## Your goal
Retype the line where "Lovely, retro girly" appears and each line that follows it down to the last line of the records below. Leave the pictures out.

(Records from a dataset)
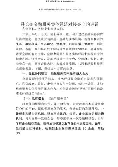 【七哥公文】2025年:【七哥公文】县长在金融服务实体经济对接会上的讲话+更多免费公文+VX:QiGeGongWen2024+更多免费公文+VX:QiGeGongWen2024
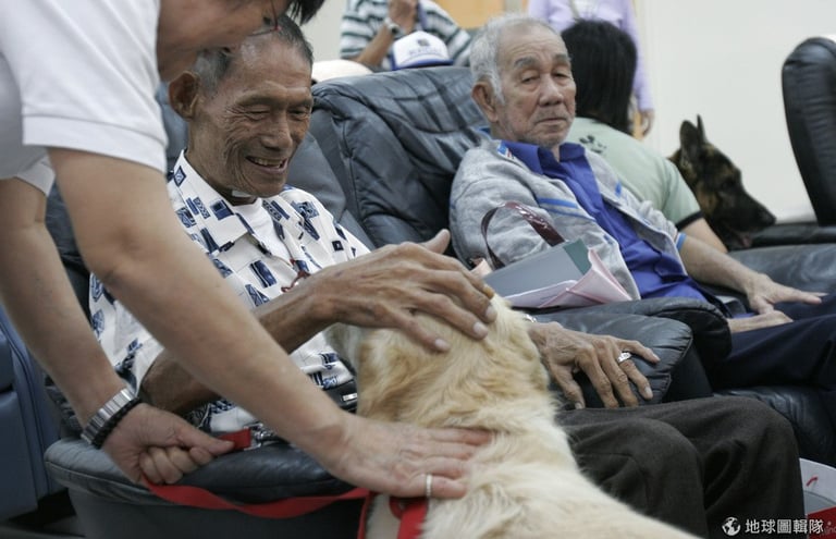 新加坡的安養中心內,老人家和到訪的狗狗開心互動。
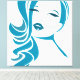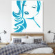 Lovely, retro girly theme in blue cyan and white colours. A beautiful, sensual woman face and neck. Fun, retro drawing.
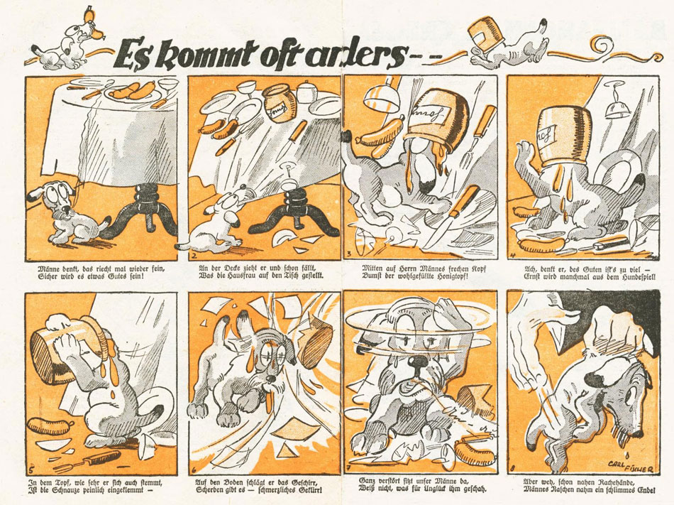 Carl Ernst Fischer was born in 1900 in the Bornheim district of Frankfurt, where he lived his entire life. After attending the School of Applied Arts, he began his career in the early 1920s working as a commercial artist. From the mid-1920s on, he contributed artwork to several illustrated magazines, for instance Fliegende Blätter and Lustige Blätter. During the late 1920s and early 1930s, Fischer also appeared as an illustrator and picture story artist in children's magazines, for instance Hans Kunterbunt and Die Blauband-Woche, the magazine of the German margarine brand Rama (its main artist was Emmerich Hüber). In the pages of Hans Kunterbunt, Fischer created the penguin Ping (1932), who reappeared in 1950 in his own picture book.
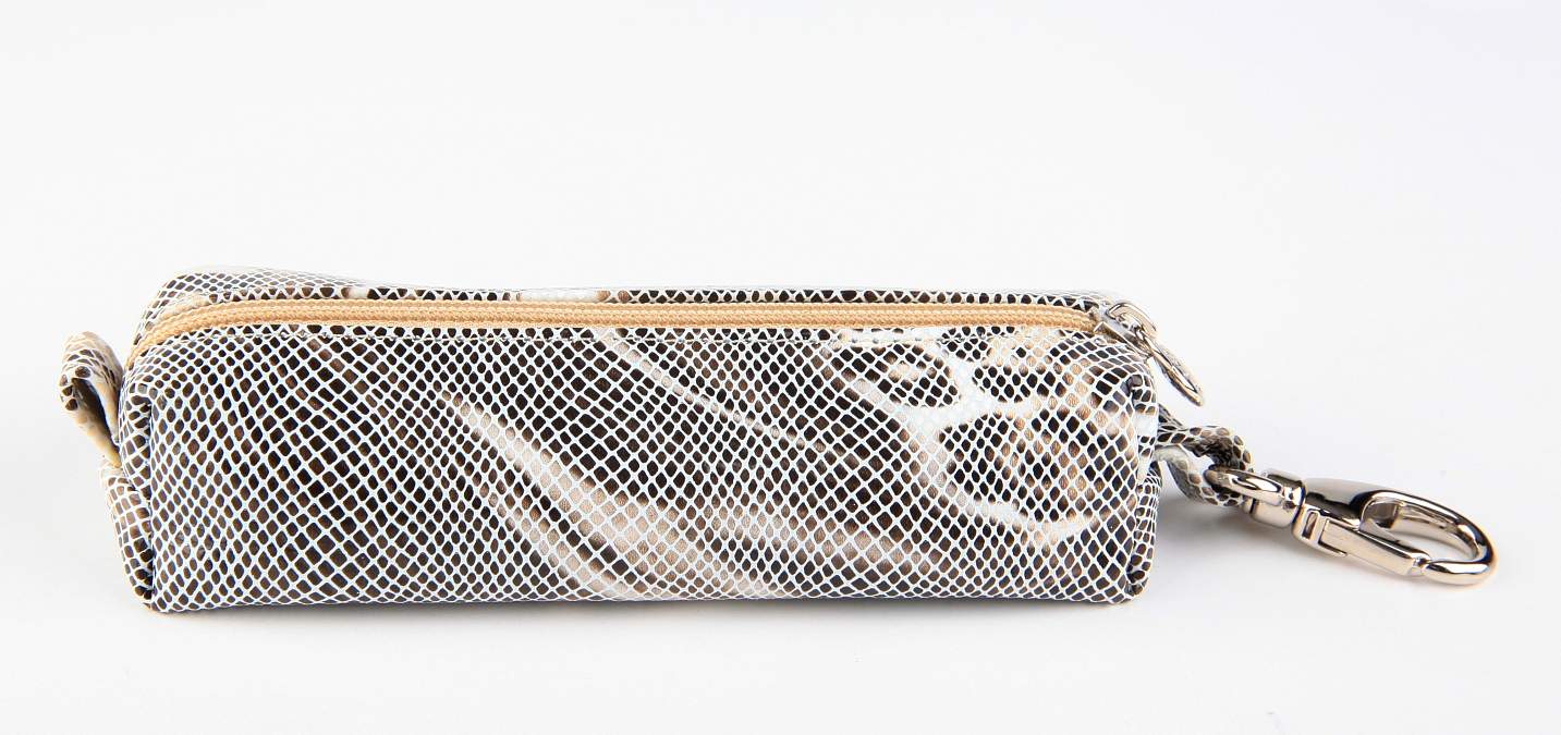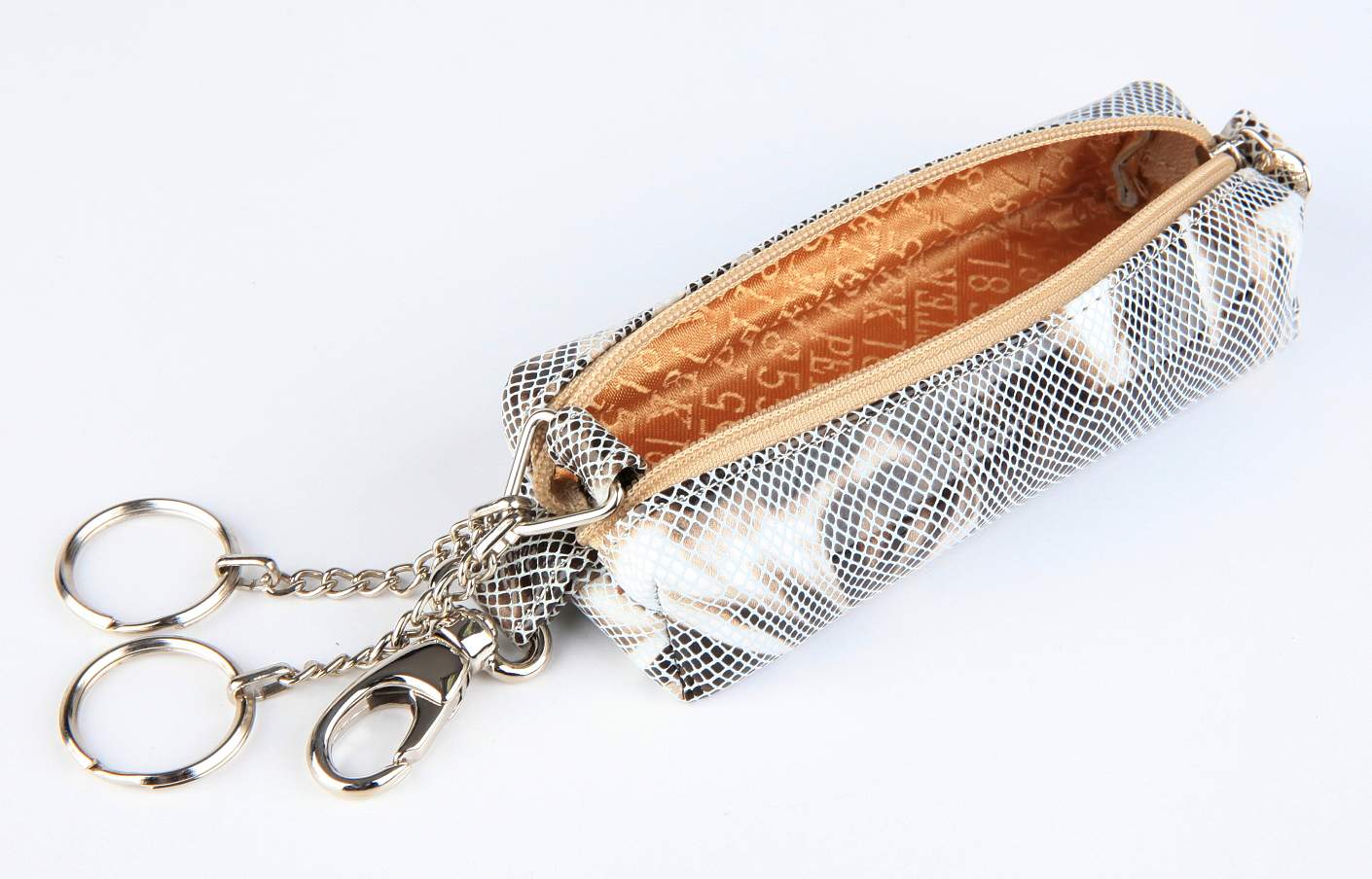 Ключница из натуральной кожи. Закрывается на молнию, внутри кольцо держатель для ключей. Снаружи карабин для ношения на поясе.

## Exercise result
 Lovely, retro girly theme in blue cyan and white colours. A beautiful, sensual woman face and neck. Fun, retro drawing.
 Carl Ernst Fischer was born in 1900 in the Bornheim district of Frankfurt, where he lived his entire life. After attending the School of Applied Arts, he began his career in the early 1920s working as a commercial artist. From the mid-1920s on, he contributed artwork to several illustrated magazines, for instance Fliegende Blätter and Lustige Blätter. During the late 1920s and early 1930s, Fischer also appeared as an illustrator and picture story artist in children's magazines, for instance Hans Kunterbunt and Die Blauband-Woche, the magazine of the German margarine brand Rama (its main artist was Emmerich Hüber). In the pages of Hans Kunterbunt, Fischer created the penguin Ping (1932), who reappeared in 1950 in his own picture book.
 Ключница из натуральной кожи. Закрывается на молнию, внутри кольцо держатель для ключей. Снаружи карабин для ношения на поясе.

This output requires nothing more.